Well, whatever mixed motives I might have, Anne Lamott speaks to this in her book Bird By Bird:  Thoughts on Writing and Life. She writes with words that have the bite of conviction and the balm of healing—kind’ve like Bactine on a scraped knee.  And her thoughts apply to everyone who wants to go deeper into the experience of life—writer or no.

Lamott’s main emphasis is that whether we are writers or just “normal people”, we should learn to pay attention, and that life around us is always speaking, if we will just listen to it (97). By paying attention, we develop wonder and delight in the world.  She writes, “This is our goal as writers, I think; to help others have this sense of—please forgive me—wonder, of seeing things anew, things that can catch us off guard, that break in our small, bordered worlds” (100).

Ways that Lamott encourages writers to share that wonder include letter writing, or giving a piece of writing as a gift to someone else. In becoming writers and people who pay attention, she encourages her readers to be the kind of people who can perceive culture very closely and help better the world.

In contrast to this, she decries the writer who only wants to have fame and respect, and thinks he/she will finally be happy once he/she is published. Lamott’s position is summarized and illustrated beautifully in a line she takes from the movie Cool Runnings. The men on an Olympic sledding team are desperate to win a gold medal. Lamott writes, “‘But the coach says, “if you are not enough before the gold medal, you won’t be enough with it.’ You may want to tape this to the wall near your desk” (218).
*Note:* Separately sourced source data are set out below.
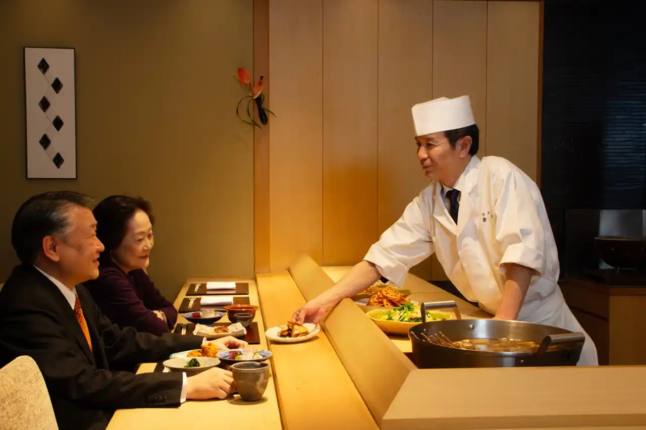 東京の数々の名店も仕入れを行う山口県萩市大坂屋商店から直送される新鮮な魚介や、豊かな自然が育んだ食材を料理長自ら目利き。旬のふぐを薄造りにしたふく刺しや、昆布だしで仕立て繊細な旨みを活かすふくちり鍋、歴史を記憶する華やかな岩国寿司、料理長金井がアレンジした山口の郷土料理など、昼も夜も福を重ねる万福会席をご用意いたします。 |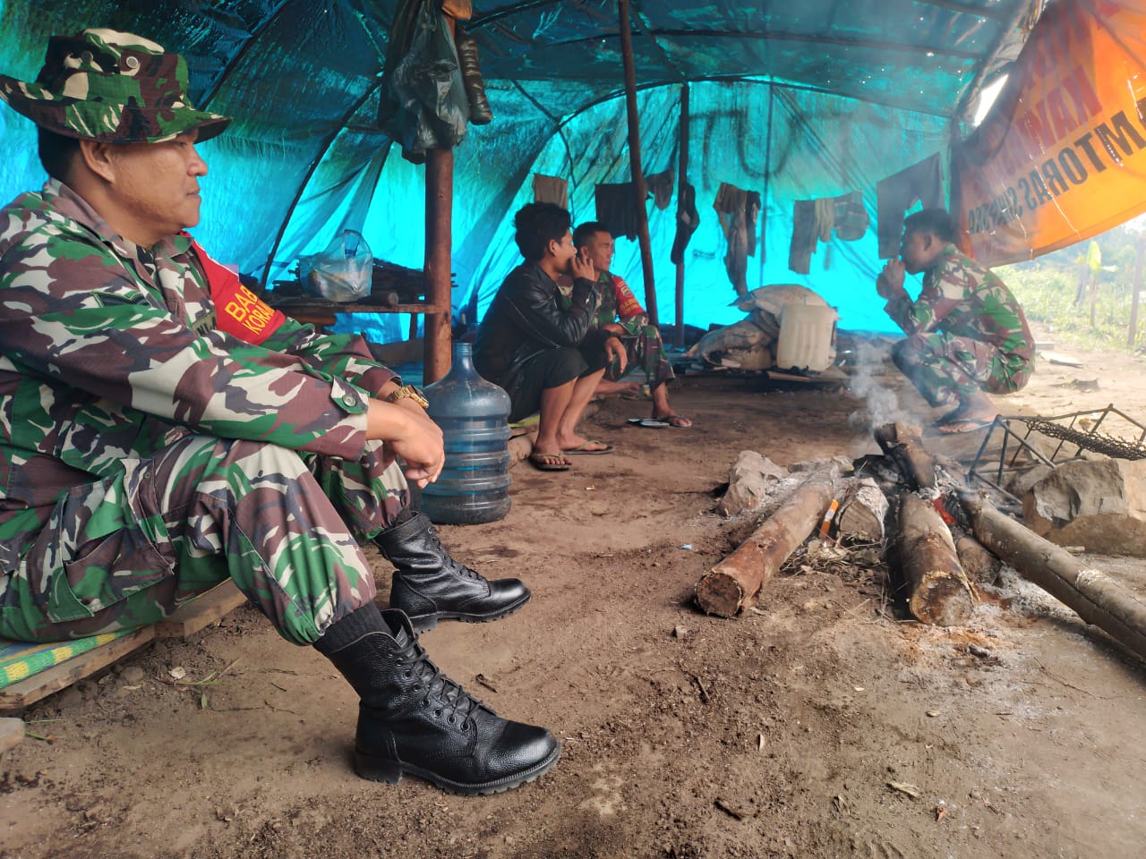 Usai melaksanakan pembersihan di pos , Satgas Pembibitan melanjutkan kegiatan  patroli  saat di pertengahan jalan tiba tiba turun hujan, tim satgas berteduh di  base camp bapak M Siahaan yang merupakan salah satu warga masyarakat desa sihaporas. Sambil menunggu hujan reda satgas pembibitan melaksanakan komsos dengan bapak M Siahaan sampai hujan reda selanjutnya  Tim satgas kembali melanjutkan patroli ke sekitaran base camp.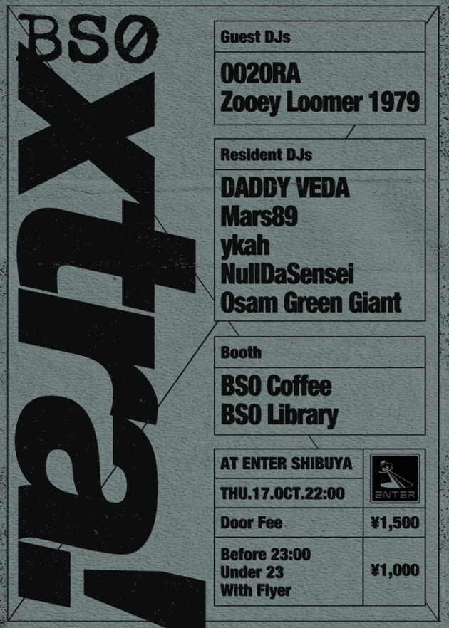 多様なバックボーンを持ったDJたちが、ダブ、ダブステップ、グライム、ジャングル、ブレイクビーツ、テクノなどのスタイルを“現代のパンク”と捉えて一夜に落とし込む、BS0xtra(ビー・エス・ゼロ・エクストラ)。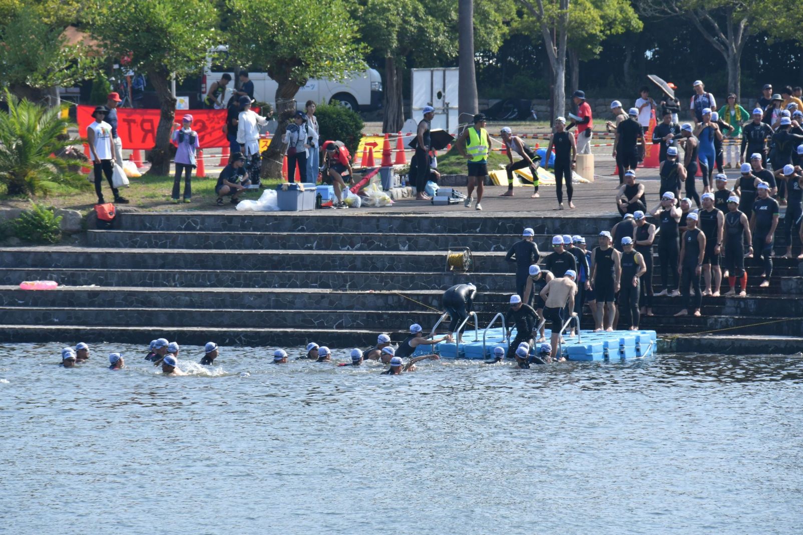 2.スイムではウェットスーツ、トライスーツ、水着等の適切なウェアを着用してください。(暑さ対策の為、ウェットスーツは袖の無いものを推奨します。)Tシャツやラッシュガードは禁止とします。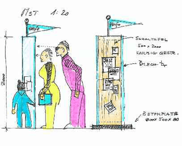 An 12 ausgewählten Standorten auf privatem Grund befindet sich je eine Infosäule. Die Konstruktion erfolgte durch ein Integrationsprogramm.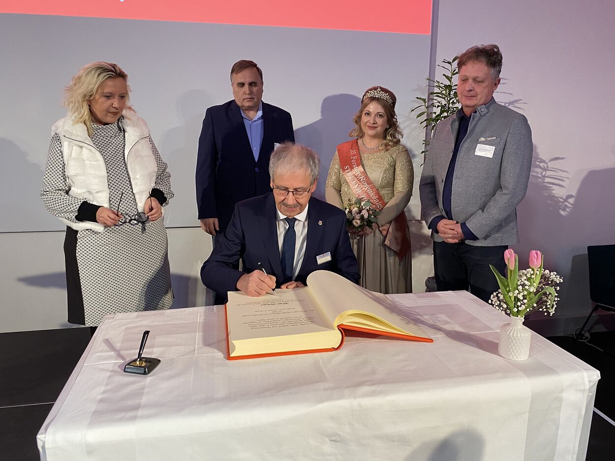 Ein besonderer Höhepunkt des Abends war der Eintrag des Landrates des Landkreises Spree-Neiße, Harald Altekrüger, in das Goldene Buch der Stadt Forst (Lausitz).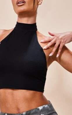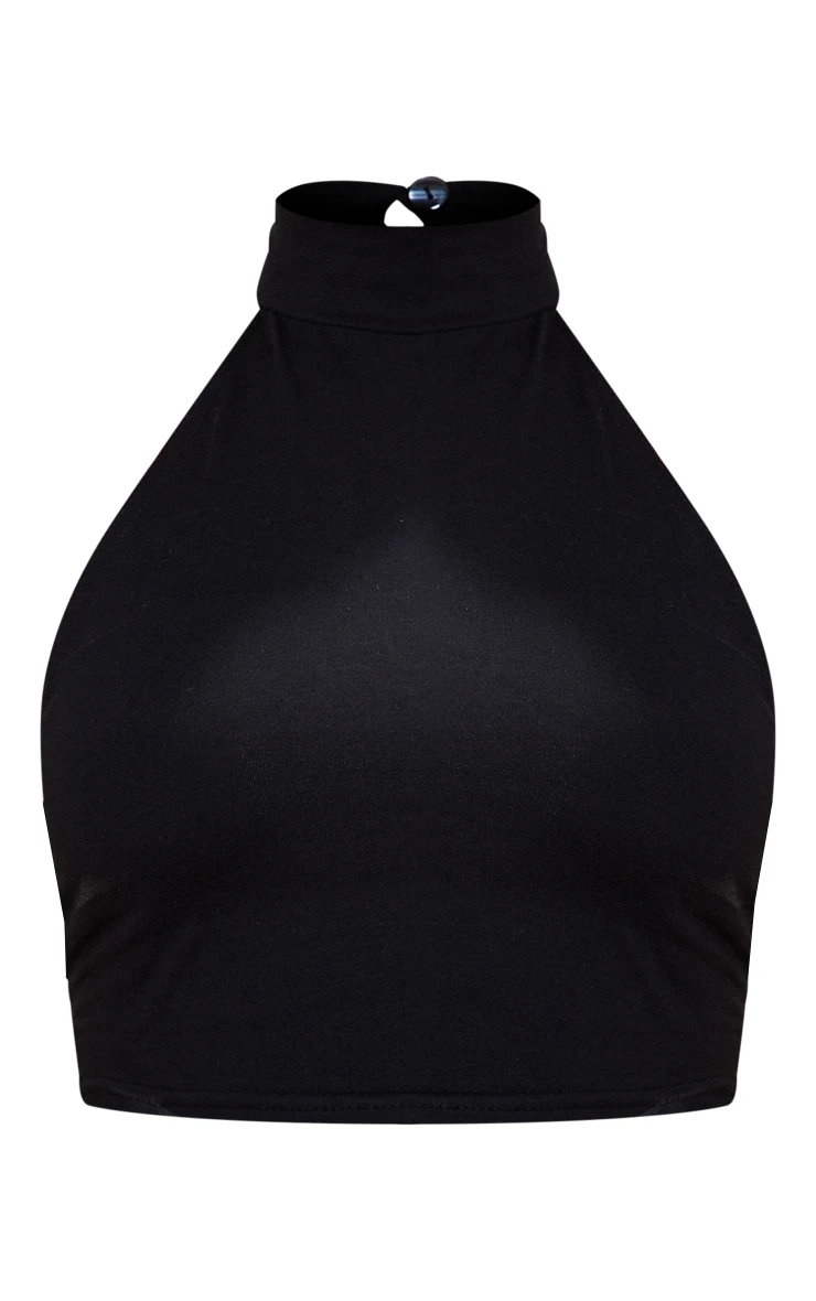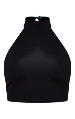 Level up your basics collection with this black cotton high neck halter crop top. Made from a black cotton material with a high neck, a halterneck design and a cropped length, how could you say no to this? This versatile crop top is perfect dressed up or down doll. Pair with your cargo jeans, box-fresh kicks and your everyday accessories for a blogger-worthy combo.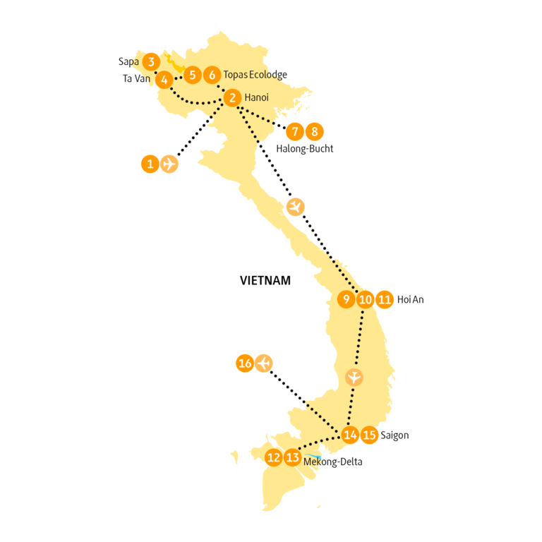 • Linienflug mit Vietnam Airlines (Tarif T) ab/bis Frankfurt. Andere Flughäfen mit Aufpreis möglich.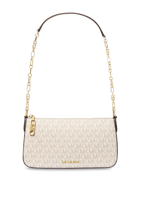 תיק כתף Jet Set בגודל סמול - מהדגמים הנמכרים ביותר שעיצב Michael Kors, עשוי קנבס בגימור עור טבעוני ובצבע לבן בשילוב דוגמת MK. לתיק תא מרכזי עם כיס פנימי קטן כשהוא נסגר על ידי רוכסן, בשילוב שרשרת נשיאה זהובה.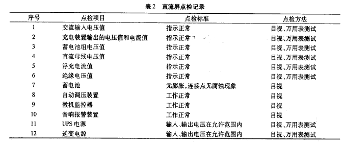 首要需求編制點檢規范,編制出符合實際出產需求的點檢規范,使其他點檢者能快速、簡潔執行點檢規范。點檢規范的內容觸及方面比較多,列入點檢辦理規模的部位也比較多,例如直流屏,溝通輸入電壓值、充電裝置輸出的電壓值和電流值、蓄電池組電壓值、直流母線電壓值、浮充電流值、絕緣電壓值、蓄電池、自動調壓裝置、微機監控器、音響報警裝置、UPS電源、逆變電源等都是關系到直流屏安全運轉的重要參數及裝置,確定為點檢部位。點檢部位確定后,就要落實點檢內容,點檢辦法目前還是以簡單東西、儀器和人的感觀為主的點檢辦法。因而,點檢內容首要是查看設備溫度、電壓、表計指示、工作狀況等方面參數。直流屏設備點檢工作首要是以日常點檢為主,定時點檢為輔。日常點檢首要以人的感官為主,經過聽、摸、看.擰等辦法對運轉中的設備進行一個外觀的查看。經過每日進行的點檢工作,及時發現設備存在的危險并消除,使設備長周期安全運轉。由于直流屏的特殊性,展開的直流屏設備專業點檢也很重要,點檢辦法以工用具、外表和人的感觀為主的點檢辦法。經過定時進行的點檢工作,及時發現設備存在的危險并消除,使設備長周期安全運轉,見表2。

In a way, Bird by Bird is almost a cultural commentary and critique of the contemporary definition of success. It addresses people’s obsession with writing as a means to the end of publishing, rather than the noble enterprise of writing itself. It emphasizes writing’s cathartic effects on the heart and soul, and the potential it has for bettering the lives of the people around us. It is semi-autobiographical, like Writing Down the Bones by Natalie Goldberg or The Faith of the Writer by Joyce Carol Oates. It has the professional insight of On Writing Well by William Zinsser, the wit and humor of Mark Twain, and the verbal color and pizazz of Ray Bradbury.

Lamott teaches college-level classes on writing, but her prose is accessible and approachable for everyone, regardless of education or background. There is also something both eternally-minded and yet earthy about this book. Anne Lamott is a professing Christian (albeit not entirely orthodox) who is a single mom. Her spiritual memoir Traveling Mercies reflects the divinity and the humanity of the Son of God himself. These qualities find their way into Bird By Bird. At times, her words seem almost Scriptural in their depth: “what your giving [through writing] can do is to help your readers be braver, be better than they are, be open to the world again” (206). Yet Lamott always finds a way to get us laughing and thinking at the same time. In addressing the kinds of mean-spirited people who are overly critical of other’s writing, she asks, “why waste what little time you may have left with such scum?” Then she adds, tongue firmly in cheek, “I worry that Jesus drinks himself to sleep when he hears me talk like this” (170).

I don’t know about that.  But I do know that any human being who wants to be a better writer and person will laugh and cry and be improved and challenged and thoroughly enjoy what they read in Bird by Bird.  Whether you live to write or write very little as you live, I strongly recommend you read this book and apply its thoughts to your life.